Exercise instructions:
The lines to extract begin at the line that contains "1月11日,上海市教育评估协" and run through the last line of the listing; reproduce them exactly, minus any pictures.

Excerpted data:
......

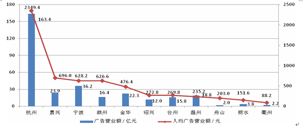 图2 2011年浙江省各地市广告营业额及人均广告营业额
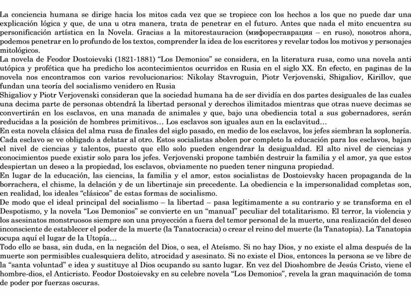 De modo que el ideal principal del socialismo – la libertad – pasa legítimamente a su contrario y se transforma en el Despotismo, y la novela “Los Demonios” se convierte en un “manual” peculiar del totalitarismo. El terror, la violencia y los asesinatos monstruosos siempre son una proyección a fuera del temor personal de la muerte, una realización del deseo inconsciente de establecer el poder de la muerte (la Tanatocracia) o crear el reino del muerte (la Tanatopia). La Tanatopia ocupa aquí el lugar de la Utopía…
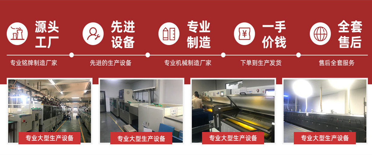 无锡标牌厂有限公司位于美丽的太湖之滨无锡市大窑路,南依苏州。地理位置十分优越。 距沪宁高速公路硕放出口处2公里,西邻312国道,硕放火车站,无锡机场,交通十分便利。我厂是专业生产各种标牌的企业,标牌主要选材有铜、铝、不锈钢、压克力、PC、PVC、PET塑料及不干胶。主要加工工艺有:喷砂阳极氧化、氧化着色、抛光拉丝、刷砂标牌、蚀刻、丝网印刷 、PC、PVC标牌,发光、反光标志;不干胶标贴等。经过10多年的发展,不断开发新产品,在业内首先全面推行ISO9001:2000国际质量管理体系认证,无论在生产、服务等各方面均已建立完善的 控制体系,使我厂在标牌生产中成为具有较强实力和竞争力的企业,信誉和产品质量一直深受广大客户的一致好评和信赖。
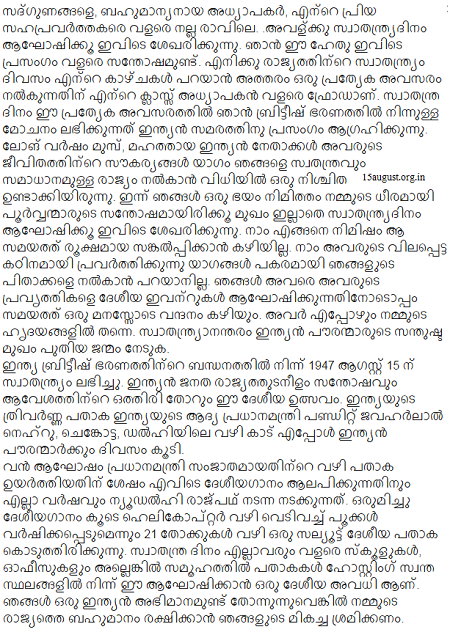 Festival 2016 Independence Day Speech 2016 In Malayalam Language
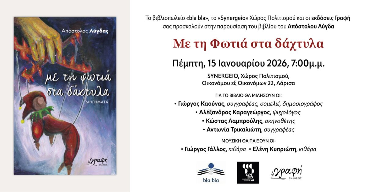 Την Πέμπτη 15 Ιανουαρίου και ώρα 19:00το βιβλιοπωλείο «blabla» και οι εκδόσεις Γραφή σας προσκαλούν στην παρουσίαση του βιβλίου του Απόστολου Λύγδα «Με την φωτιά στα δάχτυλα» στο «SYNERGEIO», Χώρος Πολιτισμού, Οικονόμου εξ Οικονόμων 22 στη Λάρισα.
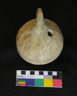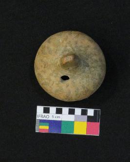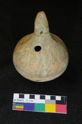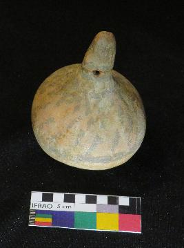 | Description / विवरण | Well fired, painted terracotta rattle is red in color, made up of fine clay having hollow, smooth globular body, knob with curved top and sagar base. It has two perforations one at the base of knob and other on the shoulder. The painting is done on the upper part of body, in black color on the red surface. The painting has oblique stocks and a circle at the mid of body and concentric circles around knob. The object is called rattle because it has a pallet inside the body which produces sound while shaking it. |
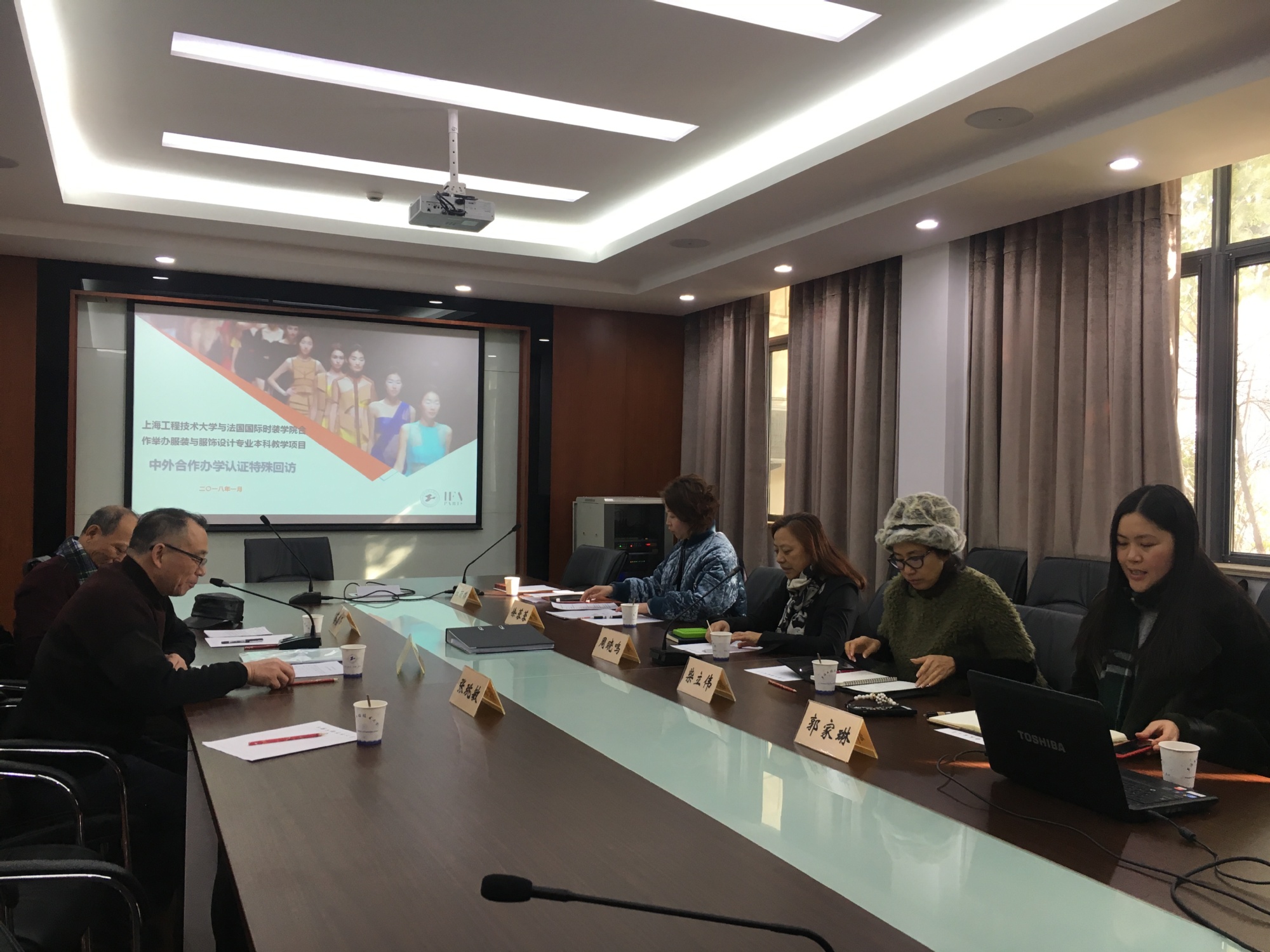 1月11日,上海市教育评估协会专家组一行3人来到长宁校区,对上海工程技术大学与法国国际时装学院合作举办服装与服饰设计(原艺术设计(服装设计与工程))专业进行项目认证中期复查的特殊回访。学院中外双方院长周晓鸣和柴立伟、教学副院长徐蓉蓉及部分教师代表参与了此次回访。
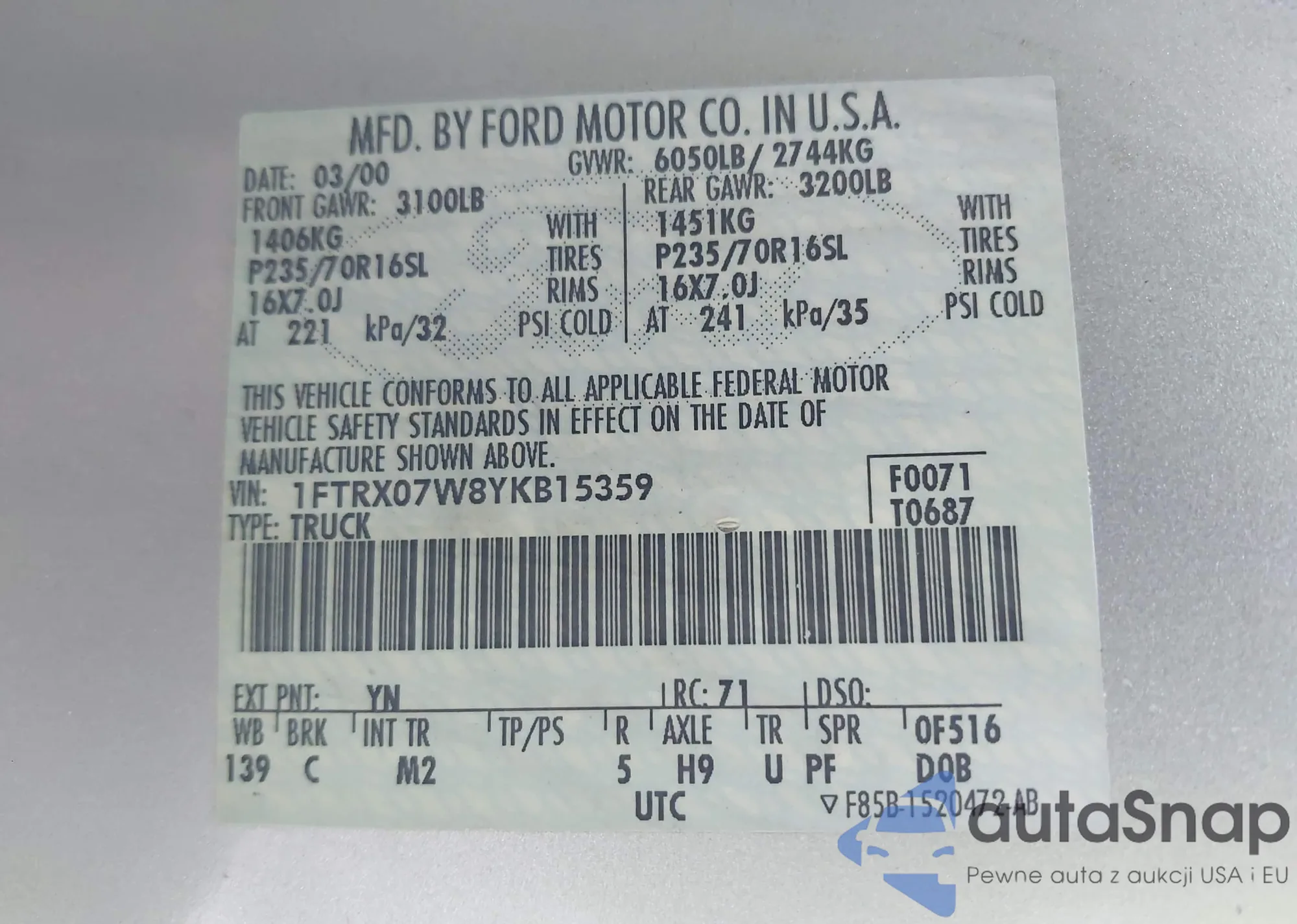 • VIN 1FTRX07W8YKB15359
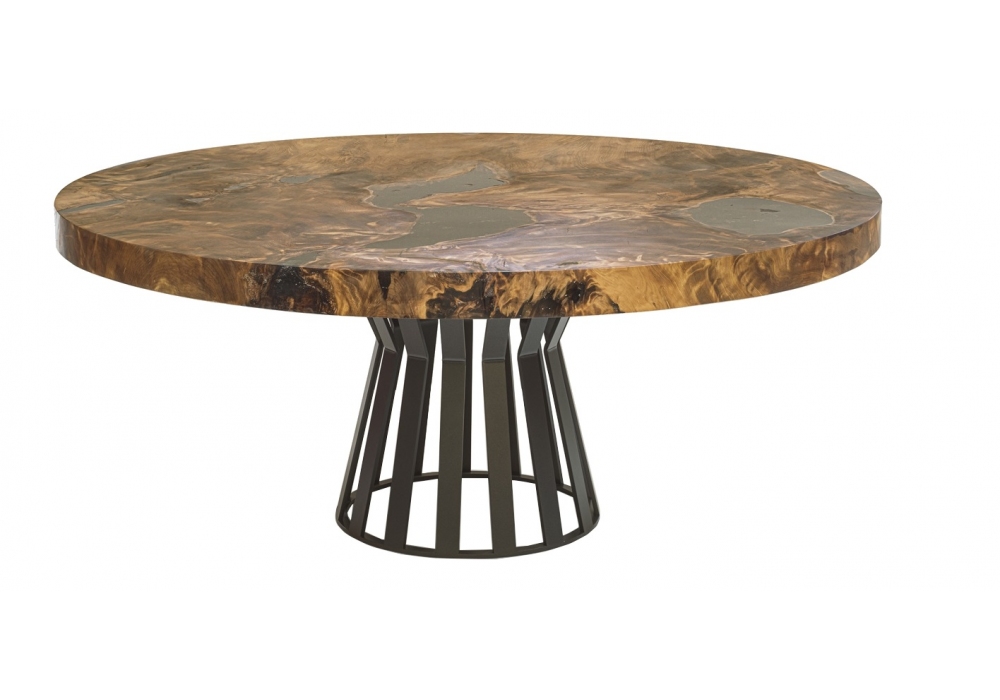 Kauri Round diseñada por C.R. & S. Riva 1920 es una mesa con tapa redonda realizada en madera maciza de Kauri combinada con una base formada por listones de hierro que se estrechan en el centro.

......

Task result:
 1月11日,上海市教育评估协会专家组一行3人来到长宁校区,对上海工程技术大学与法国国际时装学院合作举办服装与服饰设计(原艺术设计(服装设计与工程))专业进行项目认证中期复查的特殊回访。学院中外双方院长周晓鸣和柴立伟、教学副院长徐蓉蓉及部分教师代表参与了此次回访。
 • VIN 1FTRX07W8YKB15359
 Kauri Round diseñada por C.R. & S. Riva 1920 es una mesa con tapa redonda realizada en madera maciza de Kauri combinada con una base formada por listones de hierro que se estrechan en el centro.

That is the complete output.